This week’s #WCWinSTEM is Dr. Nicole M. Joseph, an assistant professor at Vanderbilt University.
As compiled by Chrystelle Vilfranc
Dr. Nicole M. Joseph is an assistant professor of mathematics and science education in the department of Teaching and Learning at Vanderbilt University and was a 2014-2015 National Academy of Education/Spencer Post-Doctoral Fellow. Her research interests include mathematics education and equity, access, retention and achievement of African Americans.
Dr. Joseph primarily studies black women and girls, their identity development and their experiences in mathematics and mathematics education. She also studies the role of race, class, and gender in mathematics identity development and the history of mathematics education of African Americans (1837 – 1957). As if that wasn’t enough, she also mentors black women in the academy.
Dr.

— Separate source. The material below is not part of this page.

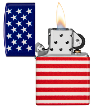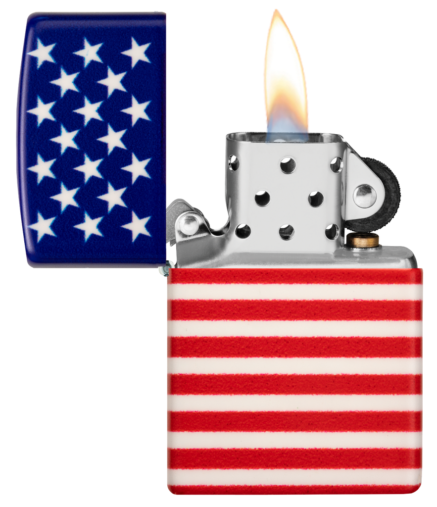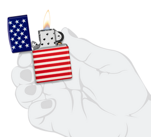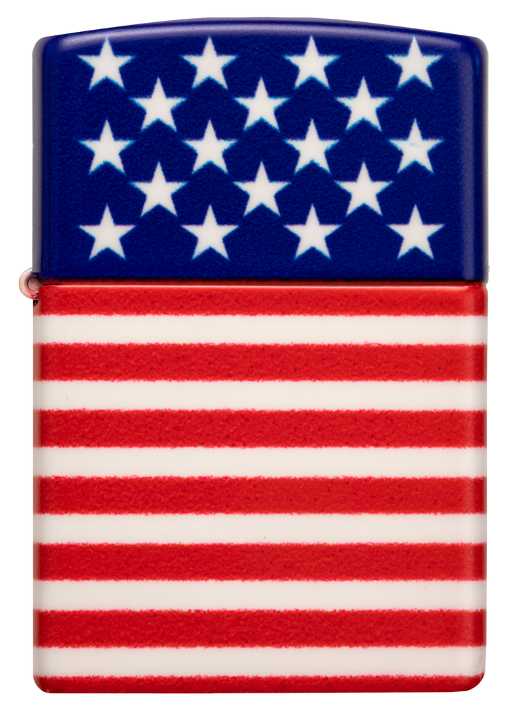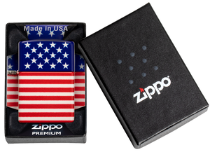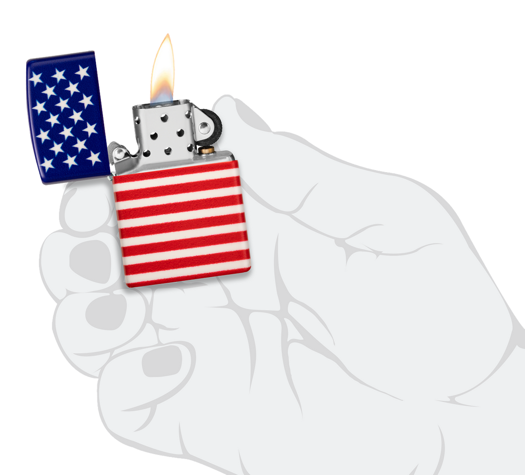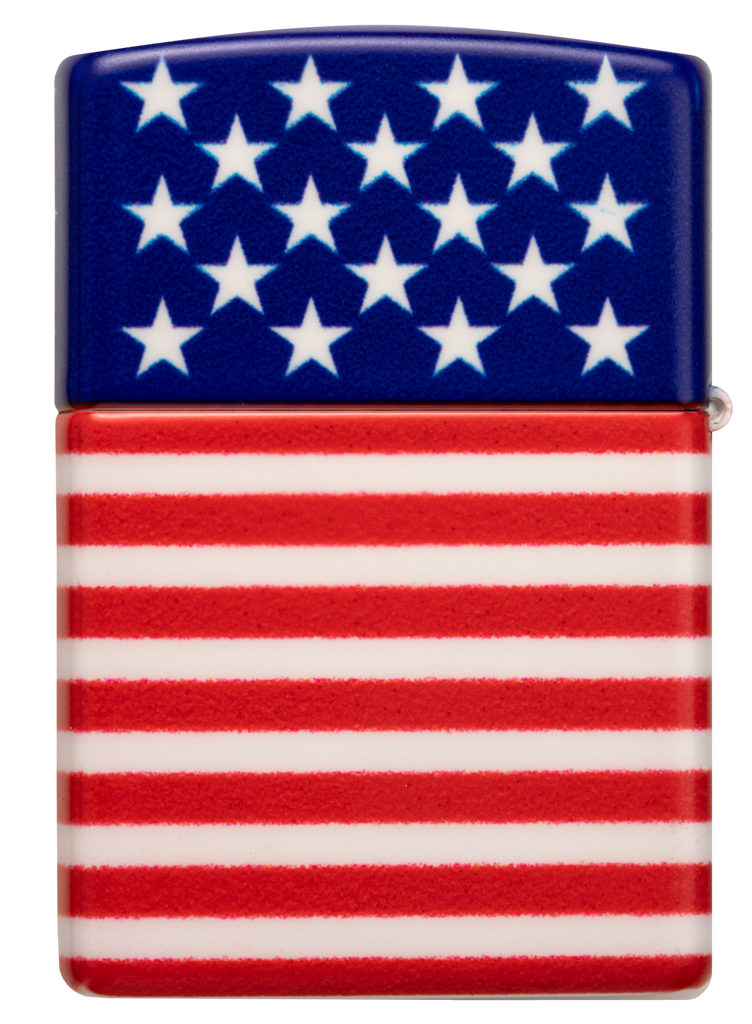 Show off your USA pride with this star-spangled 540 Color lighter. The bold stripes and shining bright stars of Old Glory seamlessly surround this patriotic piece. Comes packaged in a gift box. For optimal performance, fill with Zippo lighter fuel.
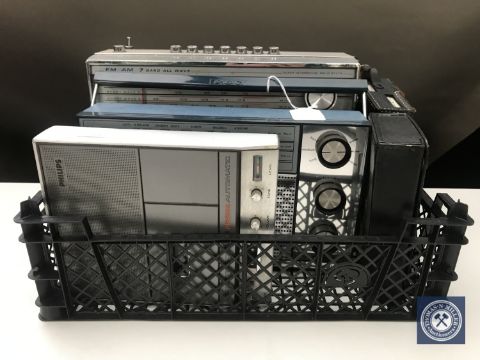 A basket of four assorted radios to include; General Electric Co. transistor 18 radio, vintage Sanyo Campanetta etc, together with a Philips cassette recorder

Joseph studies black women and girls because they are one of the most vulnerable sub-groups in the United States today. Joseph says, “in terms of the racial mathematics hierocracy, black women and girls are somewhere at the bottom (according to standardized assessment scores).” The epistemologies of black girls and black women are not valued in math classrooms. From the literature, Joseph explains that experiences in mathematics are complex and these complexities include intersections of race, gender, class, and structural systems. The experiences of black women and girls can allow us to understand the inequities in our system, but also the agency and resilience they bring to these spaces. Joseph mentors other black women in the academy because she feels that the academy was not designed for women of color to function successfully. Joseph says:
“Many black women helped me to get where I am and I think it is pertinent for me to pay it forward. Black women are beautiful, smart, genius, and worthy of recognition and value.”

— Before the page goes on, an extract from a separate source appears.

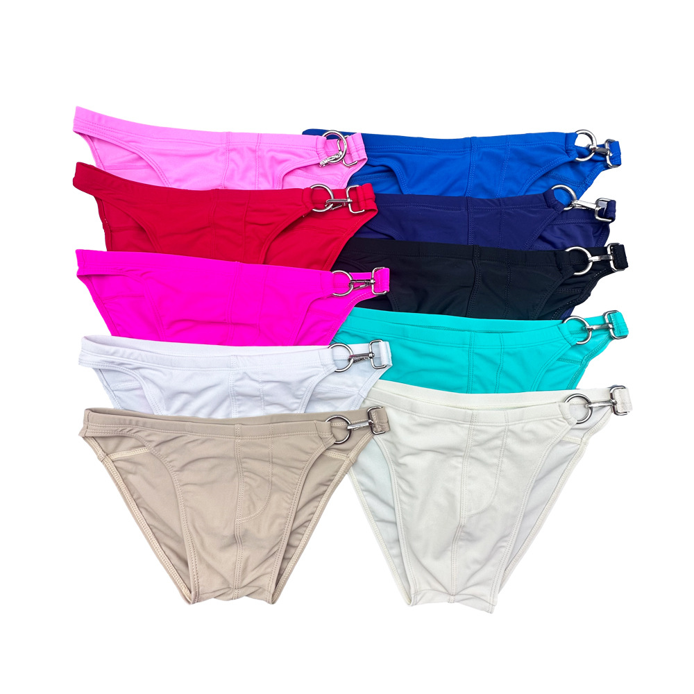 JESSBORN男士单边金属扣三角泳裤锦纶纯色时尚温泉泳池游泳裤欧美跨境
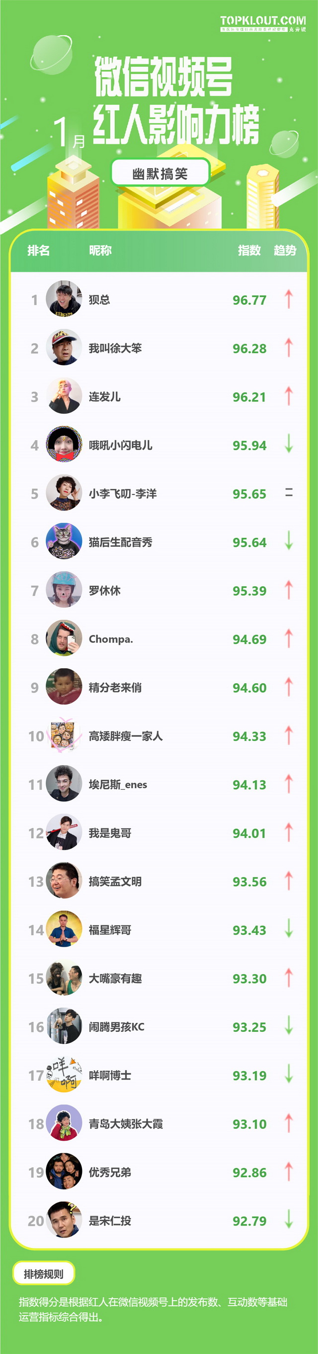 为了发掘更多优质视频号红人,为红人、品牌等角色提供参考,克劳锐推出了《微信视频号红人影响力榜》,根据红人在微信视频号上的内容发布数、互动数等基础运营指标综合排榜,涵盖幽默搞笑、萌宠、美食、游戏、动漫、时尚、音乐、母婴亲子、美妆、汽车这十大垂类。

Joseph on the importance of highlighting women of color in STEM
I absolutely love the vision of Dr. Isler and the #VangaurdSTEM team! The problem that I am trying to address is underrepresentation of Black women in mathematics. It is important to highlight women of color because they have such low representation in these areas. Younger women hopefully can see these role models as someone to aspire to. It is also important to see that STEM is not gendered and a performative of masculinity, but women can be both intelligent, incredible thinkers, hard workers at the same time that they are beautiful and well put together. Finally, it is important to show the variety of roles and positions women of color have in STEM.
Thank you, Dr. Joseph! We appreciate all that you and your work bring to #STEM!